• Your instructions:
Find the line containing "Pair of Rosewood" in the entries below. Restate it and each line after it, word for word, up to and including the line containing "Vnútri tašky nájdete".

• Records for this exercise:

____

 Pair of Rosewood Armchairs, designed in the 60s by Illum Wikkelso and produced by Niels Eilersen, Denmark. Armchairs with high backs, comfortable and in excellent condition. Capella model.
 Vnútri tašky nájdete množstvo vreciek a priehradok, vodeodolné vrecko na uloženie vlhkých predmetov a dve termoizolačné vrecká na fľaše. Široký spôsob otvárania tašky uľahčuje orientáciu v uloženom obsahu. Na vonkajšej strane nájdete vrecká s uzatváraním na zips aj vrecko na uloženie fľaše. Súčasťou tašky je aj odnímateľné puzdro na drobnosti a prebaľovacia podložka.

____

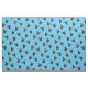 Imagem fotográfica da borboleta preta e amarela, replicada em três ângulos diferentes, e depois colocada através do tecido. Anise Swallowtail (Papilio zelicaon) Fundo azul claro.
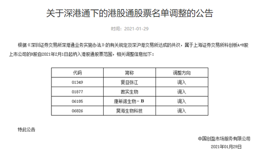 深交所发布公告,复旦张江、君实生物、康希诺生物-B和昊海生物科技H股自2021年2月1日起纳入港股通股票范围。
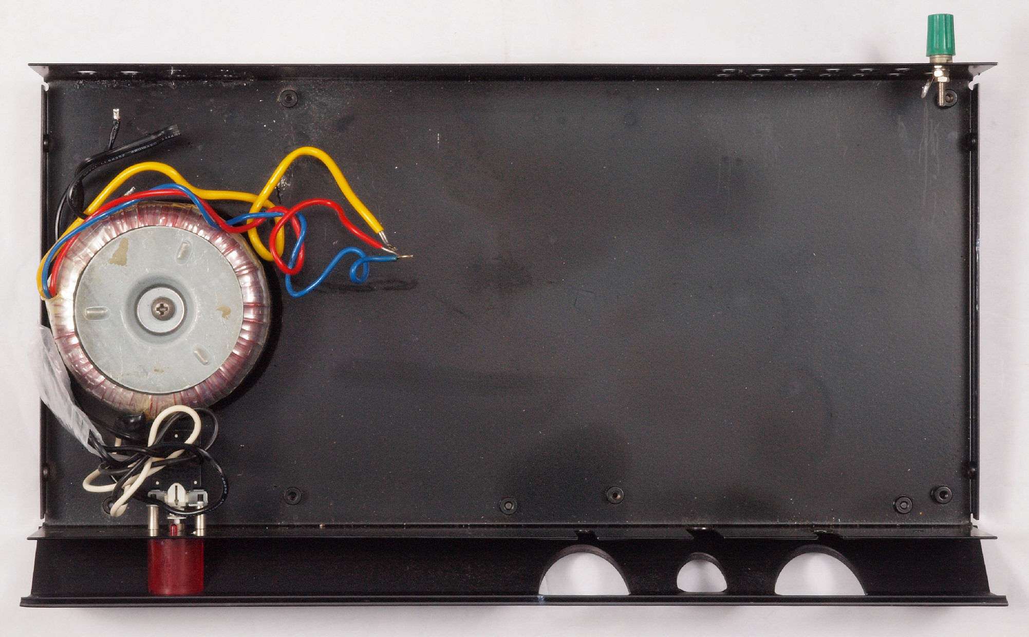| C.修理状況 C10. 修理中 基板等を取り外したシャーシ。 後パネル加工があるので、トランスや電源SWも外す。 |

____

• Reply:
 Pair of Rosewood Armchairs, designed in the 60s by Illum Wikkelso and produced by Niels Eilersen, Denmark. Armchairs with high backs, comfortable and in excellent condition. Capella model.
 Vnútri tašky nájdete množstvo vreciek a priehradok, vodeodolné vrecko na uloženie vlhkých predmetov a dve termoizolačné vrecká na fľaše. Široký spôsob otvárania tašky uľahčuje orientáciu v uloženom obsahu. Na vonkajšej strane nájdete vrecká s uzatváraním na zips aj vrecko na uloženie fľaše. Súčasťou tašky je aj odnímateľné puzdro na drobnosti a prebaľovacia podložka.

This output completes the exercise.